By staying focused on only one or two of those three aspects, a researcher can severely handicap himself from getting the full picture. A human genome has ~20,000 protein-coding genes and some of them code for functional blocks, which stabilized in the earliest bacteria ~3 billion years back, some of them stabilized in earliest eukaryotes over 2.5 billion years back and some are more recent. The only way to understand each functional block is to compare organisms, which took different paths since their divergence. That means using different models for different groups of genes. This kind of comparative analysis is often missing from most analysis.
Going back to the original point, adding evolutionary context with genomic, biochemical and developmental data is the biggest challenge and missing block from bioinformatics, not the availability of computing power or programs to analyze bigger data sets. The experimental biologists, out of necessity, focus on one organism (one machine), because it is impossible to maintain a lab with ten different species. Bioinformaticians, on the other hand, are free to compare and analyze, but quite a bit of that analysis requires thinking about functions, development and evolution of the entire machines (living organisms) rather than only the genomes, but that is often missing from the bioinformatics literature. Those, who do it, isolated themselves into the subfield of evolutionary molecular biology.

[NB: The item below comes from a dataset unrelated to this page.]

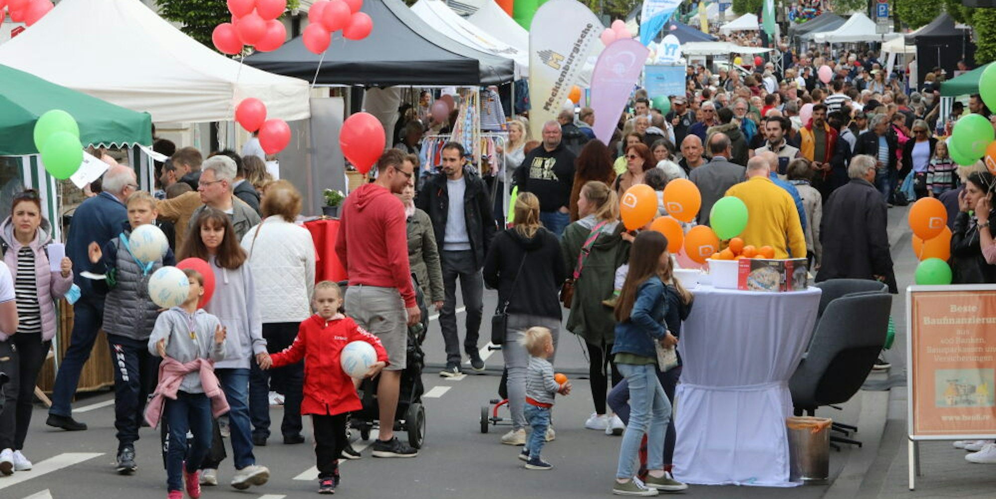 10 000 Besucher tummeln sich nach Schätzung von Alexander Bücken von der Werbegemeinschaft „Einkaufen in Overath“ den Tag über zwischen den 49 Ständen auf Steinhofplatz und Hauptstraße sowie auf der Trödelmeile An den Gärten.

In a small and insignificant way, we tried to do the entire exercise in our electric fish paper and found it quite challenging. At first, we started with genome assembly of electric eel, but realized that the genome was not very useful to infer about functionality of the electric organ. We also compared RNAseq data from electric organ, muscle and other organs of electric eel. RNAseq data adds a bit more functional information beyond the genome, but it is still limited to one organism. Then we decided to compare RNAseq data from different electric fish species, which evolved electric organs independently and that added the evolutionary context to the whole picture.

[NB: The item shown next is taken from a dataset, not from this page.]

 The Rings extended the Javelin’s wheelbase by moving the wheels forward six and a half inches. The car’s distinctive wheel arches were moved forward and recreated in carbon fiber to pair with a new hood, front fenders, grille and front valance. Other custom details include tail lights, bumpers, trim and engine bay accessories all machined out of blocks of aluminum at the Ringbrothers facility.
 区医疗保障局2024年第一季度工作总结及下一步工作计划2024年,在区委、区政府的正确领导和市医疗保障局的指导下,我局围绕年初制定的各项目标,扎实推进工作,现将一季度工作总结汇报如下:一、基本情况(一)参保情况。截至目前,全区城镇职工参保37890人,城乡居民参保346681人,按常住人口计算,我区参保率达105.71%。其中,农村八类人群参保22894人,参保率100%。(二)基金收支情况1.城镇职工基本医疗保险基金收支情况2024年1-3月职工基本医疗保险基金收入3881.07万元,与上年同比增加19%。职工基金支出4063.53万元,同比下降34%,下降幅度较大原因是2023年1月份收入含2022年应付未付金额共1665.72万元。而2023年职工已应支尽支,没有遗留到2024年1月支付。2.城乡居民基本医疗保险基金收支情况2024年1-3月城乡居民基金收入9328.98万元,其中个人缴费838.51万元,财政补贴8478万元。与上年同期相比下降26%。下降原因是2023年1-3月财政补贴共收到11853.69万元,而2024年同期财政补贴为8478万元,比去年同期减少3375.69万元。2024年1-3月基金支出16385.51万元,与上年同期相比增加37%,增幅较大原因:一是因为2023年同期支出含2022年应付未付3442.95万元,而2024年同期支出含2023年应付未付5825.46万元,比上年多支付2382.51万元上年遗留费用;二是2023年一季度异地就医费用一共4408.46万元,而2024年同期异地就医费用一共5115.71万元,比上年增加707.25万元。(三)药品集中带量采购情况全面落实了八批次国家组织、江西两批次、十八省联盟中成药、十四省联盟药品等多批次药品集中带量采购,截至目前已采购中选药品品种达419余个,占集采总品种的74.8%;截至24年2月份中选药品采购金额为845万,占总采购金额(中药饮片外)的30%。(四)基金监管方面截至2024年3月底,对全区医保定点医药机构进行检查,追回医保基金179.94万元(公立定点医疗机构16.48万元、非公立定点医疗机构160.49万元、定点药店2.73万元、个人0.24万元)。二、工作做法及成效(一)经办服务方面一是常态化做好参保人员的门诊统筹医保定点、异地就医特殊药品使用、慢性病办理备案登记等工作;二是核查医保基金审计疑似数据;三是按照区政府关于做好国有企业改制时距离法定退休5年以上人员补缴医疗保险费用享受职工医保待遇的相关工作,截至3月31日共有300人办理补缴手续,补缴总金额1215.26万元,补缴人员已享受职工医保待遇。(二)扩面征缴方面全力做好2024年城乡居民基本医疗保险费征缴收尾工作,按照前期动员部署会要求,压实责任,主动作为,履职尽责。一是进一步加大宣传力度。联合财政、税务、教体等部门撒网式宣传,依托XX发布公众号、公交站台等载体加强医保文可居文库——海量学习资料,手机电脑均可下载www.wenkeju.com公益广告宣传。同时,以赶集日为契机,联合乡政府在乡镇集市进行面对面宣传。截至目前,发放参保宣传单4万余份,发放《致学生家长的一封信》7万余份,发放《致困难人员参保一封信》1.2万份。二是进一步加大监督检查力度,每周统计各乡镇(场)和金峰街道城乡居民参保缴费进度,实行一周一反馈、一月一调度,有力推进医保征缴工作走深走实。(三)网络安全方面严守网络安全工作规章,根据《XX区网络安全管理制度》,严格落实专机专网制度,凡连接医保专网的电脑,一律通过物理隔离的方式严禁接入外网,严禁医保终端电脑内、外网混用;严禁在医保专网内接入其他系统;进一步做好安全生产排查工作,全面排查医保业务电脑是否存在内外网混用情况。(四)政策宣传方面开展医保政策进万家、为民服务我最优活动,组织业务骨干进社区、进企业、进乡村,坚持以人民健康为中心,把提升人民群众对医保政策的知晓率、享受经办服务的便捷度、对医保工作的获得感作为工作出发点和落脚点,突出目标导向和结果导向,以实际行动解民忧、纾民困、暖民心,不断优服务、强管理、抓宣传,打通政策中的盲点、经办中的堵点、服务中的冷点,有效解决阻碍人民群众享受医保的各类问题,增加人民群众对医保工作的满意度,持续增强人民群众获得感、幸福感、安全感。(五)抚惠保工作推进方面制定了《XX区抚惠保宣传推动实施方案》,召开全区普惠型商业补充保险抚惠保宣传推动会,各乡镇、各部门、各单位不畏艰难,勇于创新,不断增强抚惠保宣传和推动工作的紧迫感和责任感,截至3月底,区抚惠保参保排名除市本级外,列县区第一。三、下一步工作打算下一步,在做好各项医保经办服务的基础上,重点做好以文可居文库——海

Our entire exercise greatly narrowed down the list of genes on which biologists can further do their lab tests. We also worked on theoretically connecting those genes based on their known functions, and these connections can be used as hypotheses to direct the lab tests. This last part (connecting the dots through a narrative) is nearly impossible to do with software, but even if one can do that, there is another level of difficulty. The narrative needs to be updated iteratively based on small-scale experiments and additional data. Which experiments to do to challenge the story is a scientific process and we do not believe any software can replace the process.
Long story short, computational biologists need to solve real puzzles consisting of determining of functional or disease mechanisms, and then build tools based on a handful of successful paths. The current approach of focusing on human genomes and throwing all kinds of data and statistical tools (GWAS) in the hope of discovering disease mechanisms (or romantic partners) is too limited and wasteful.